Cost-effective experiments with additively manufactured waveguide and cavities in the S-band

This study demonstrates the applicability of additively manufactured components that are metalized with conductive tape for two different microwave experiments. We focus on dielectric measurements and prototyping elliptical accelerator cavities at a low power regime for 2.45 GHz. To illustrate the accuracy of our results for the commonly used solid/liquid materials in engineering and to compare the fundamental accelerator cavity parameters with previous research rectangular and elliptic 3D-printed cavities coated with aluminum-type tape were employed in the experiments. Results reported for the complex-valued permittivities and specific design parameters for the cavity prototype are consistent with the literature.

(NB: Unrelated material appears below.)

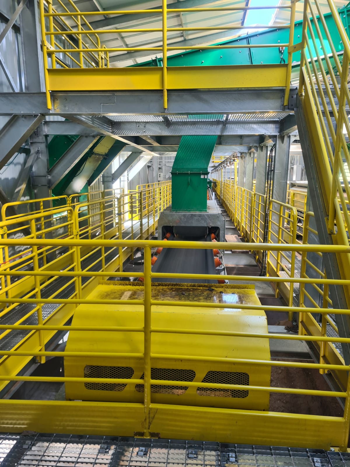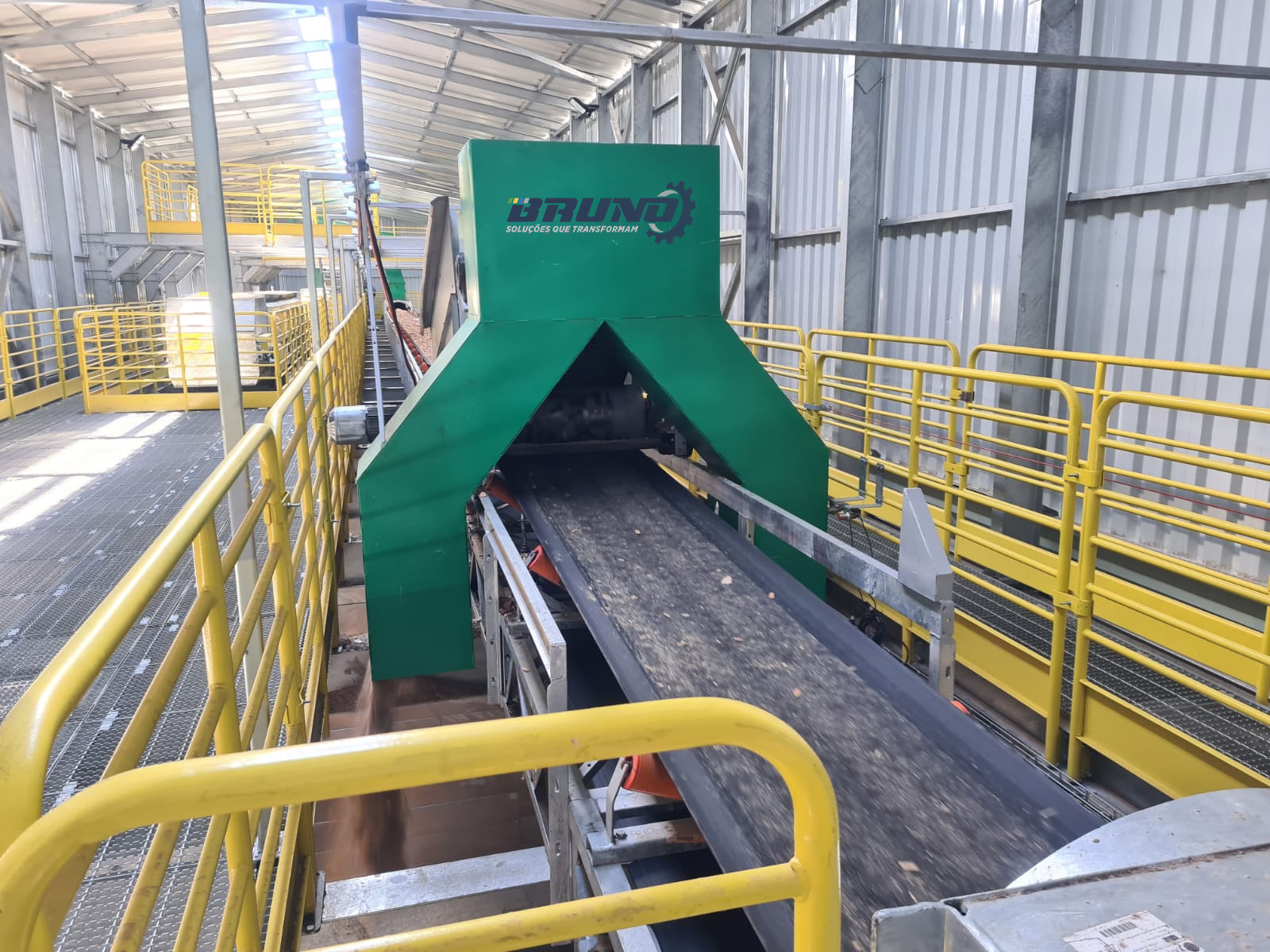 O sistema tipo tripper, montado sobre trilhos, permite o descarregamento do material em qualquer ponto ao longo da correia transportadora, garantindo uma distribuição precisa da biomassa.

Various approaches to obtain the conductivity value of the tape and the effect of the roughness/thickness of the coating on the reflection parameter are discussed in detail. We confirm the effectiveness of the proposed approach, which reduces costs and provides a high degree of accuracy for investigated applications.

Automated summary

This study demonstrates the suitability of additively manufactured components with conductive tape metalization for two different microwave experiments. The focus is on dielectric measurements and prototyping of low power 2.45 GHz elliptical accelerator cavities. The experiments employed rectangular and elliptic 3D-printed cavities coated with aluminum-type tape to compare with previous research and validate the accuracy of the results. The proposed approach reduces costs and provides high accuracy for investigated applications.